Growing up in Germany, Languages have been a part of my life from quite early on, starting with learning English in school from year 5, French from year 7, and later additions of Latin, Spanish, Polish and some Hebrew. Yes, I do like languages A LOT!

Of course in a lot of cases I had a vested interest. Learning English allowed me to pick up twice as many jokes in my favourite sci-fi comedy, Mel Brooks’ “Spaceballs” and watch dozens of cartoons like Inspector Gadget in the original. Oh, and it also meant I could watch, and understand reasonably well, the original UNCUT version (including all the gory bits normally cut out for German telly) of the Terminator movie when it was on cable from the Netherlands.

Asterix and his "big-boned" friend Obelix

Asterix and his “big-boned” friend Obelix

In the same way, Latin helped when reading my favourite comic book series … Asterix! Which was of course originally written in French. So after our school organised an exchange with a school in Rennes, France, I naturally returned home with my luggage containing a good number of Asterix books in their original lingo.

As for Polish, well this was actually during my University days, when I was studying European Business Studies. And it was basically a cut-price summer holiday! A full month of residential language learning in Czieszyn, Poland, including accommodation and food for a few hundred deutschmarks (this was pre euros).

Lots of Vodka. Got to try it all ...

Lots of Vodka. Got to try it all …

Naturally it involved making a lot of friends who would help try all of the 30-odd different brands of Vodka on the shelves of the local supermarket. It must have helped, or at least not been detrimental to the learning experience. I was actually reasonably fluent at the end of the month, having arrived in Poland with practically no prior knowledge.

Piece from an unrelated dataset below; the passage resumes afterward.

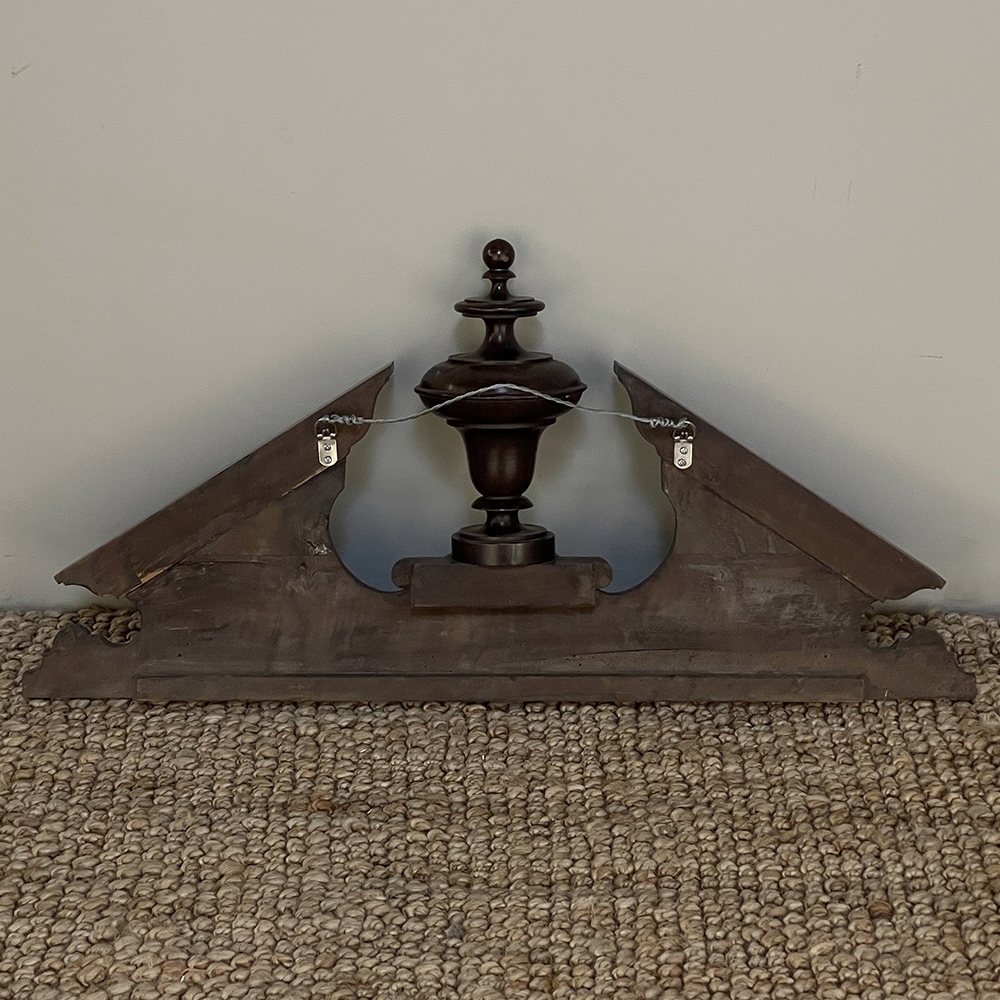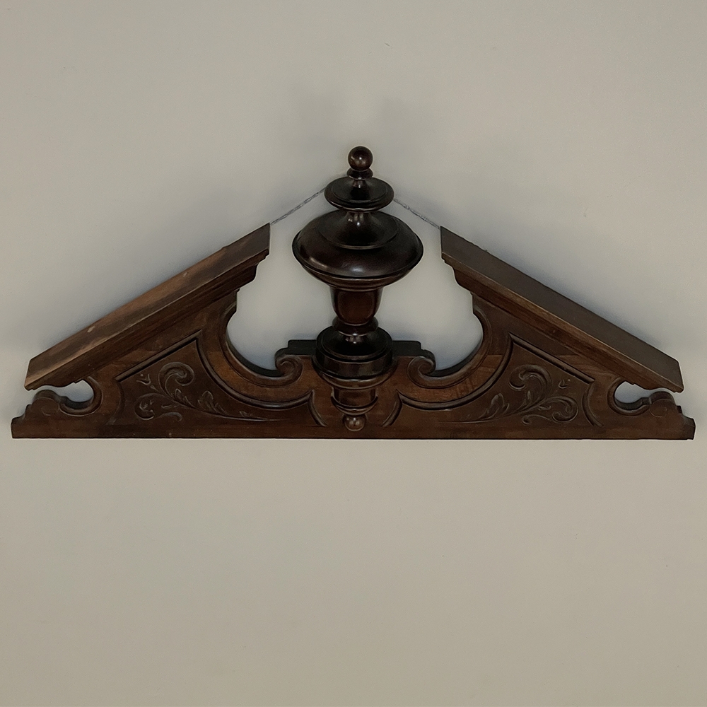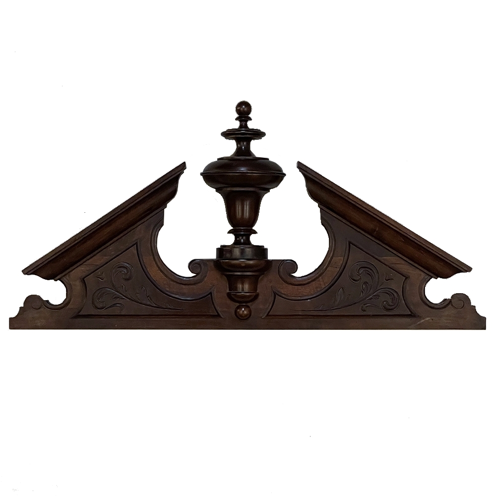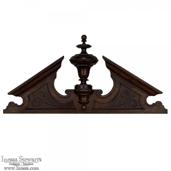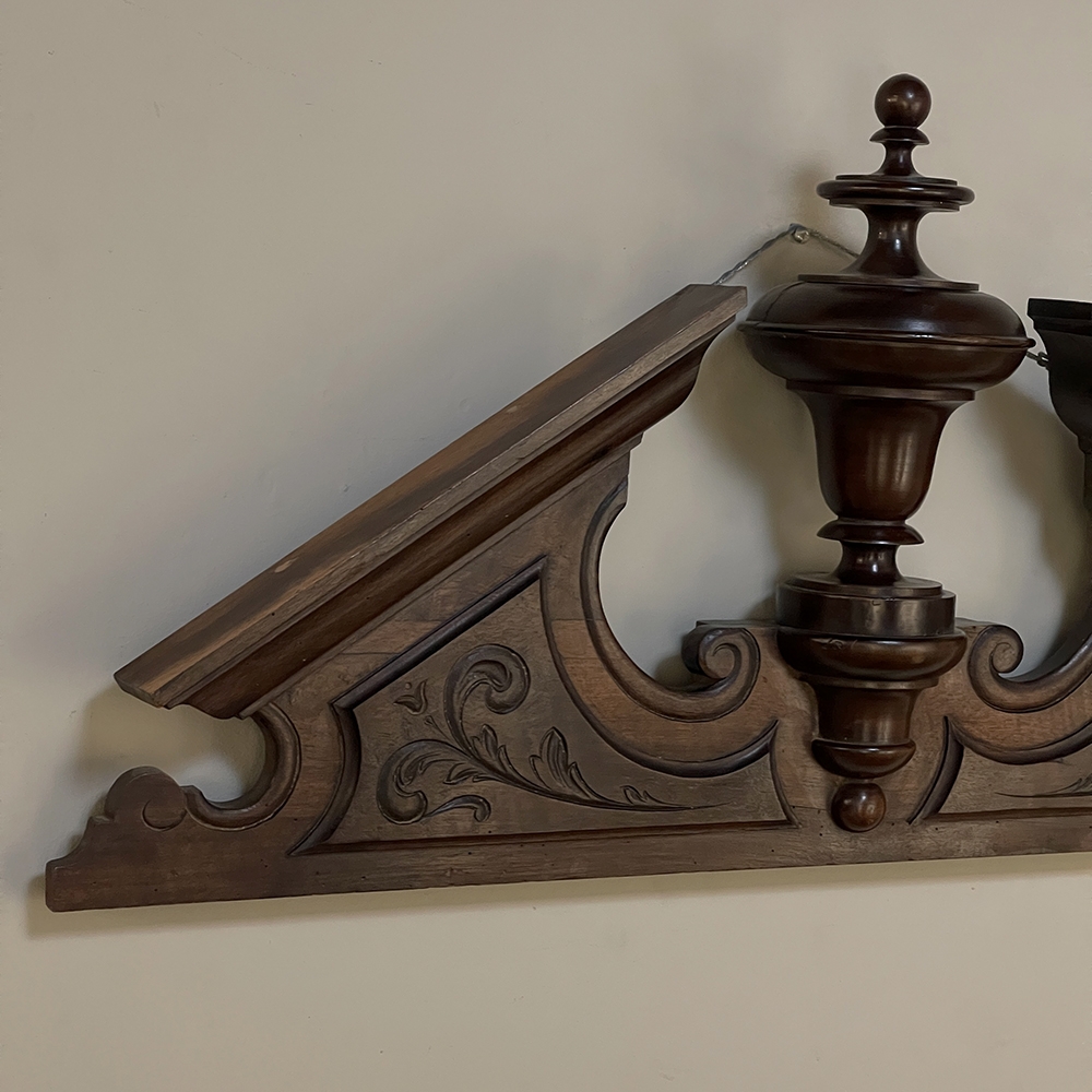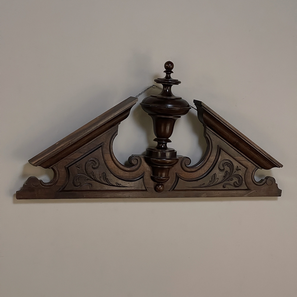 19th Century French Walnut Neoclassical Decorative Crown was inspired by ancient Greek and Roman architecture. The pitched molding design provides a framework for the magnificent solid walnut turned finial at the center, with floral embellishments carved into the facade for added visual appeal. Ideal over cased openings or windows!

It was also during my University days that I met Sarah – and we were married just a couple of months before I submitted my dissertation. Of course you know of her passion for languages, so it was only natural for us to bring up a multilingual family. Although honestly all those years ago I could hardly have imagined us singing the Two Tigers song in Mandarin, La vaca Lola in Spanish or entering an Esperanto language challenge as a family. But you’ve probably seen a lot of the mad stuff we get up to on the blog already, like randomly sticking Flashsticks post-its in all sorts of places.

There’s plenty more stuff in the pipeline for Lingotastic, including a multilingual CD of all the favourites from the classes and more! And I’ll be helping to develop our programme to go into nurseries and schools, doing classes, and lunchtime as well as after school clubs. Making language learning part of everyday life is what Lingotastic is all about, making it literally child’s play across the age groups.

The enquiries are already coming in from schools, as well as parents interested in after school tuition. Exciting times ahead, and I’m glad to be on board for this next phase of the adventure of Lingotastic!